De werkwijze omvat bij voorkeur het intermitterend openen en sluiten van de doorgang voor het telkens transporten van ten minste een minimum volume van het mengsel van transportvloeistof en vermaald afval. In een andere uitvoering omvat de werkwijze het toevoeren van drukmedium aan de tussenruimte tussen het flexibele element en het afsluiterhuis voor het sluiten van de afsluiter en het afvoeren van drukmedium uit de genoemde tussenruimte voor het openen van de afsluiter. In nog een andere uitvoering omvat de werkwijze het genereren van wervelingen van het mengsel van afval en transportvloeistof in de opvangruimte.

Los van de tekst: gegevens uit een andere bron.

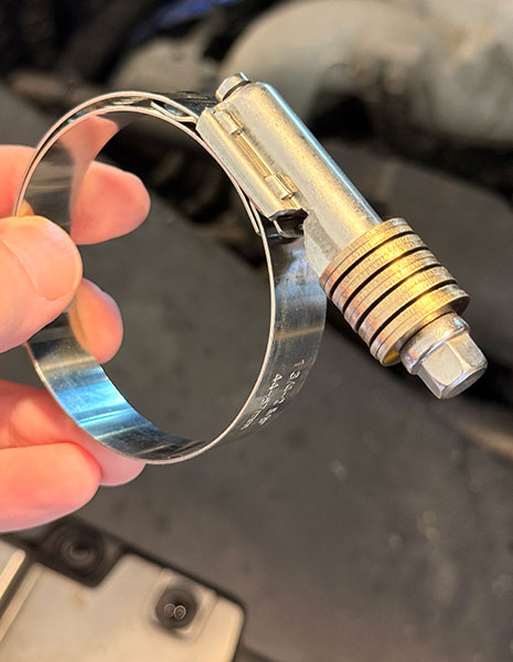 В принципе, конечно, можно было взять и тупо прикрутить шланг обычным червячным хомутом — но очень не хотелось. Червячный хомут зажимается намертво и держит в одном положении. А радиатор у нас живёт насыщенной, богатой на изменения жизнью: “горячо — холодно — горячо — холодно”, то есть постоянно расширяется и сужается. Обычный хомут после таких циклов постепенно теряет натяжение: резина шланга размягчается, потом чуть усаживается — и соединение снова начинает подтекать.

Verdere voordelen, kenmerken en details van de onderhavige uitvinding zullen verduidelijkt worden aan de hand van de beschrijving van enige uitvoeringsvormen daarvan. In de beschrijving wordt verwezen naar de figuren, die tonen:
Figuur 1 een gedeeltelijk opengewerkt aanzicht in perspectief van een uitvoeringsvorm van een vermaalinrichting volgens de uitvinding;
Figuur 2 een verder opengewerkt aanzicht in perspectief van de vermaalinrichting van figuur 1;
Figuur 3A een geëxplodeerd aanzicht in perspectief van het opengewerkte aanzicht van figuur 2;
Figuur 3B een detailaanzicht van de vermaaleenheid;
Figuur 4 een detailaanzicht van de onderste opvangruimte van de vermaalinrichting;
Figuren 5A en 5B respectievelijk een doorsnede door een uitvoeringsvorm van een afsluiter volgens de uitvinding, met resp. een gesloten en geopende doorgang;
Figuur 6 en 7 langsdoorsneden door de vermaaleenheid met het zwenkelement in respectievelijk een eerste en tweede stand;
Figuur 8 een schematische weergave van een uitvoering van een systeem volgens de uitvinding; en
Figuren 9A,9B,9C respectievelijke langsdoorsneden door een uitvoeringsvorm van de vermaalinrichting, met het zwenkelement in een beginstand en twee tussenstanden.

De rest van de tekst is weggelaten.